23 days ago: fixed normalization error on total disease stats plot.
16 days ago: Corrected some text matching in generating county level plots of \(R_e\).
10 days ago: adapter knot spacing for spline.
Appendix: Methods
Disease data are sourced from the NYTimes Github Repo. Population data are sourced from the US Census census.gov
Case growth is assumed to follow a linear-partial differential equation. This type of model is useful in populations where there is still very low immunity and high susceptibility.
\[\frac{\partial}{\partial t} cases(t, t_d) = a \times cases(t, t_d) \] \(cases(t)\) is the number of active cases at \(t\) dependent on recent history, \(t_d\). The constant \(a\) and has units of \(time^{-1}\) and is typically computed on a daily basis
Solution results are often expressed in terms of the Effective Reproduction Rate \(R_e\), where \[a \space = \space ln(R_e).\]
\(R_e\) has a simple interpretation; when \(R_e \space > \space 1\) the number of \(cases(t)\) increases (exponentially) while when \(R_e \space < \space 1\) the number of \(cases(t)\) decreases.
Practically, computing \(a\) can be extremely complicated, depending on how functionally it is related to history \(t_d\). And guessing functional forms can be as much art as science. To avoid that, let’s keep things simple…
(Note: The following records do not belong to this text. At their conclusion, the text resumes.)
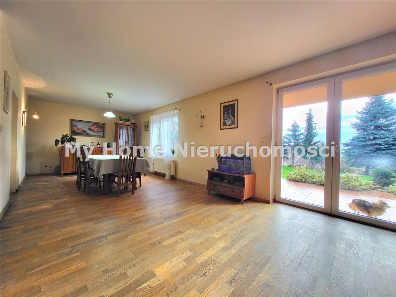 -przestronny salon z jadalnią i wyjściem na duży taras,
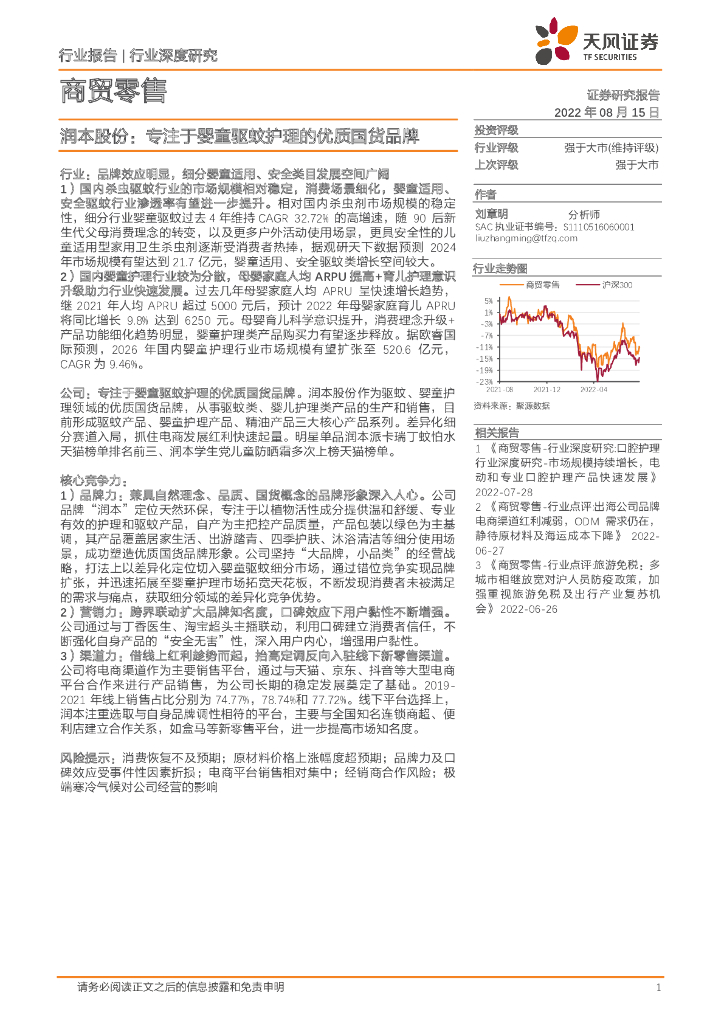 天风证券:商贸零售行业深度研究:润本股份:专注于婴童驱蚊护理的优质国货品牌.pdf
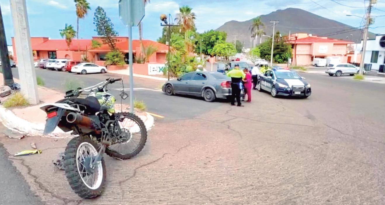 Una motocicleta en la que iban dos personas y un automóvil sedán protagonizaron un choque alrededor de las 9:00 horas de ayer en Guaymas, sobre el bulevar Luis Encinas y la avenida Villa del Mar, en el fraccionamiento Villa de Miramar.
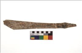 | Description / विवरण | A partially broken specimen of a bone knife, It is made out of rib bone. It has a sharp edge, The underside of the weapon probably used as a handle. Tip of weapon is broken. |
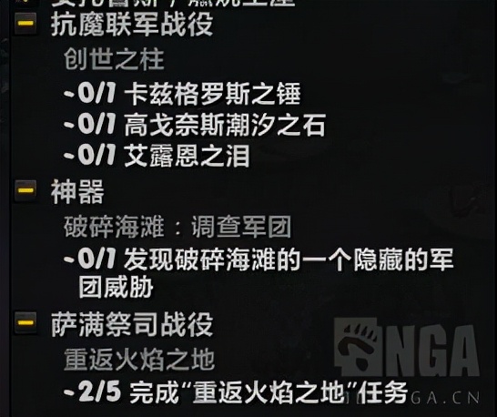 首先是抗魔联军战役的前两章,下图中抗魔联军和突袭破碎海滩这两个,正常小号做完解锁职业大厅和神器,应该都有了,任务栏里会有一个抗魔联军战役和神器的分类,分别有一个未完成的创世之柱的任务(因为一般只要做一两个地图就满级了)和一个发现破碎海滩威胁的任务。
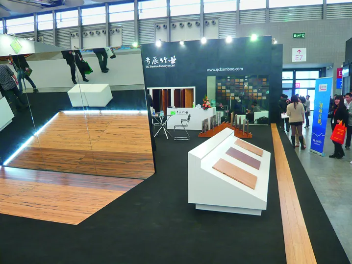 © Bilder: Pitt7 Auch das ist China: Holzfußböden in allen Erscheinungsbildern, von Mickey Mouse bis hin zu orientalischen Teppichmustern. Kein Stand war so frequentiert. -

Assuming a straight-forward flat time of latent infection \(t_d\) = 12 days, with \[f(t) = \int_{t - t_d}^{t}cases(t')\; dt' ,\] \(R_e\) reduces to a simple computation
\[R_e(t) = \frac{cases(t)}{\int_{t - t_d}^{t}cases(t')\; dt'} \times t_d .\]
Typical range of \(t_d\) range \(7 \geq t_d \geq 14\). The only other numerical treatment is, in order to reduce noise the data, I smooth case data with a reticulated spline to compute derivatives.
DISCLAIMER: Results are for entertainment purposes only. Please consult local authorities for official data and forecasts.